══ MATERIALS PROVIDED ══

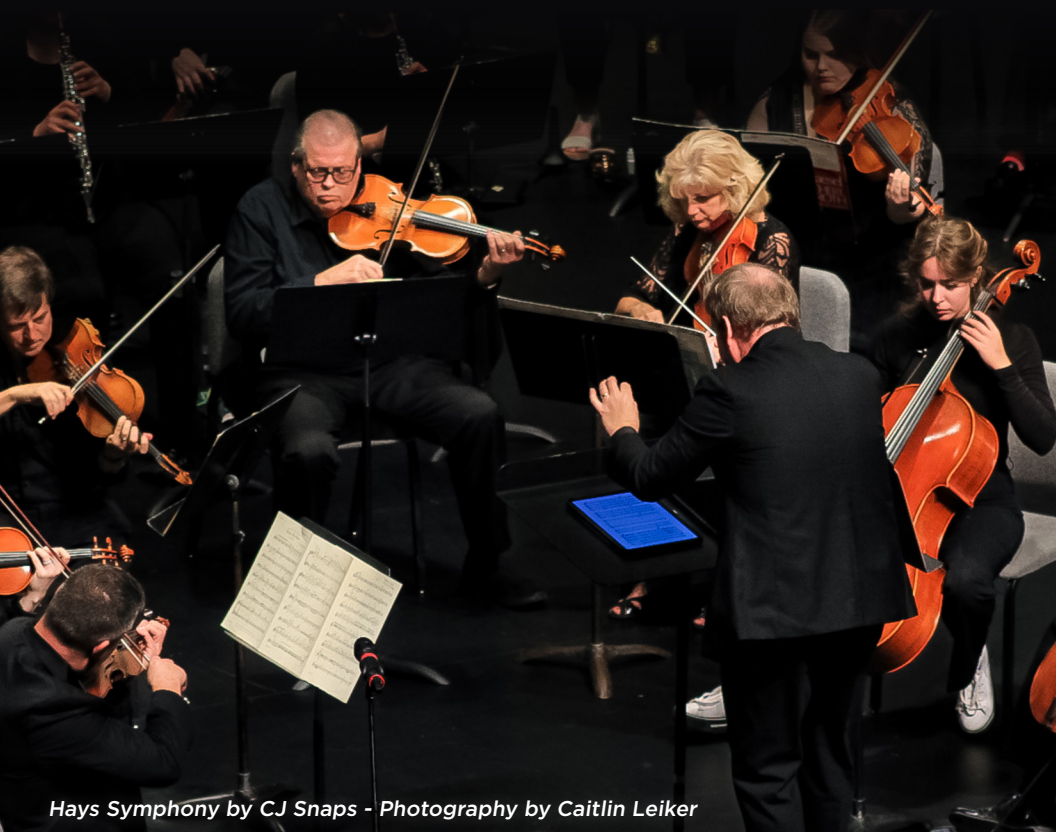
Hays Symphony by CJ Snaps

Your destination for arts and entertainment
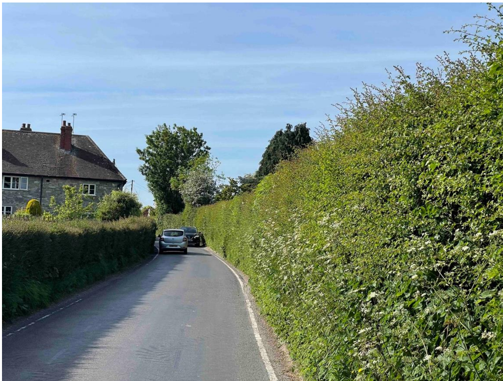
Pic 5: Impossible for 2 cars to pass
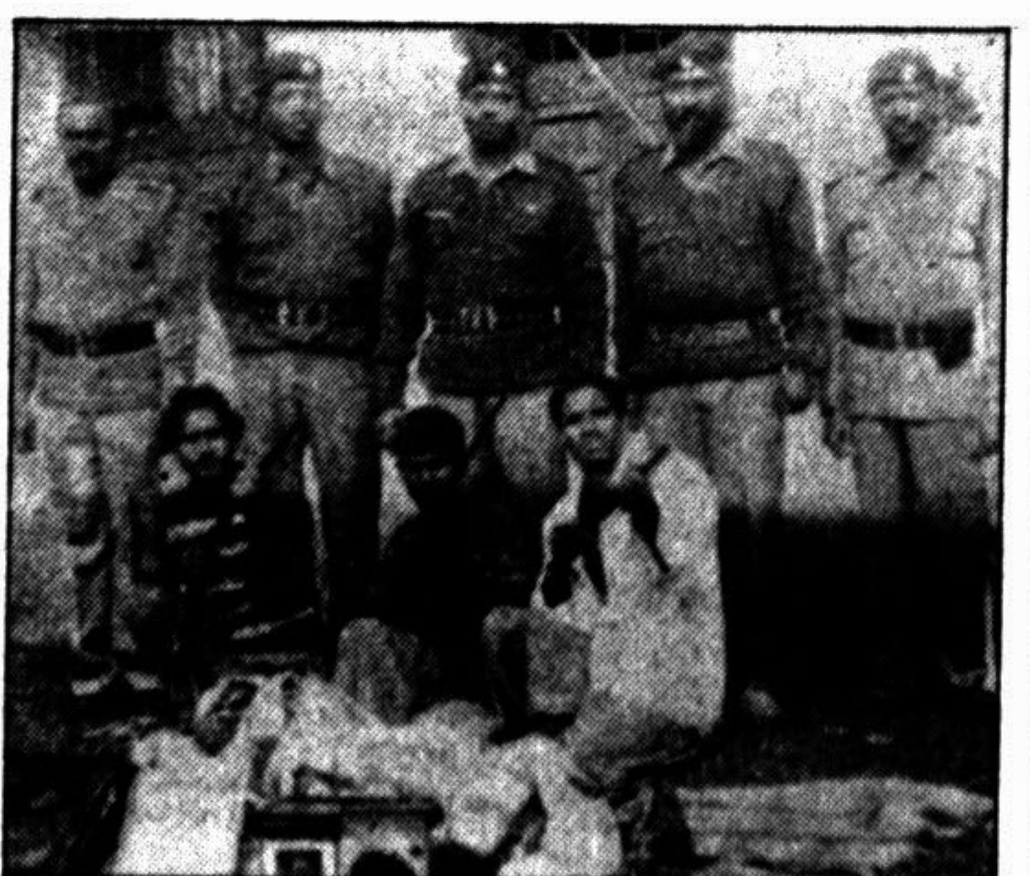
SATKHIRA: Satkhira thana police recently arrested three dacoits and recovered arms, ammunitions and booties from their possession.

On the other hand, fax machines have been installed at many thana headquarters, whereas no fax device has been installed at the public call office at the district headquarters of Gopalganj, causing extreme sufferings of journalists, businessmen and other fax users alike.
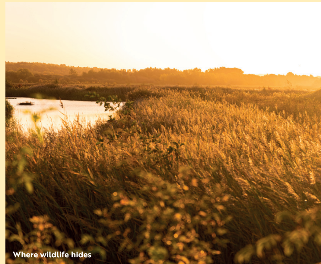
Where wildlife hides
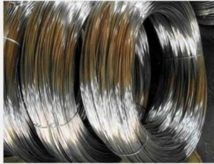
Stainless steel bright wire is applied in petroleum, electronics, machinery and construction, etc.
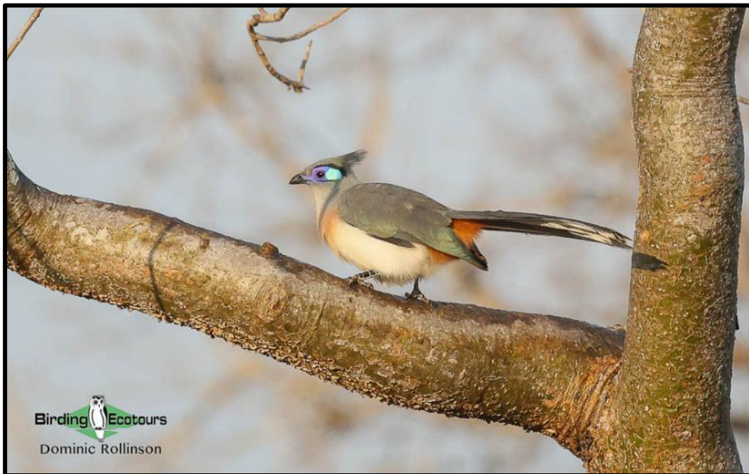
The attractive Crested Coua is just one of a few coua species possible on this tour.

═══

→ **GOAL OF THE EXERCISE**
Verbatim output of the entries is required, with each image left out.

→ **EXERCISE SOLUTION**
Hays Symphony by CJ Snaps

Your destination for arts and entertainment
Pic 5: Impossible for 2 cars to pass
SATKHIRA: Satkhira thana police recently arrested three dacoits and recovered arms, ammunitions and booties from their possession.

On the other hand, fax machines have been installed at many thana headquarters, whereas no fax device has been installed at the public call office at the district headquarters of Gopalganj, causing extreme sufferings of journalists, businessmen and other fax users alike.
Where wildlife hides
Stainless steel bright wire is applied in petroleum, electronics, machinery and construction, etc.
The attractive Crested Coua is just one of a few coua species possible on this tour.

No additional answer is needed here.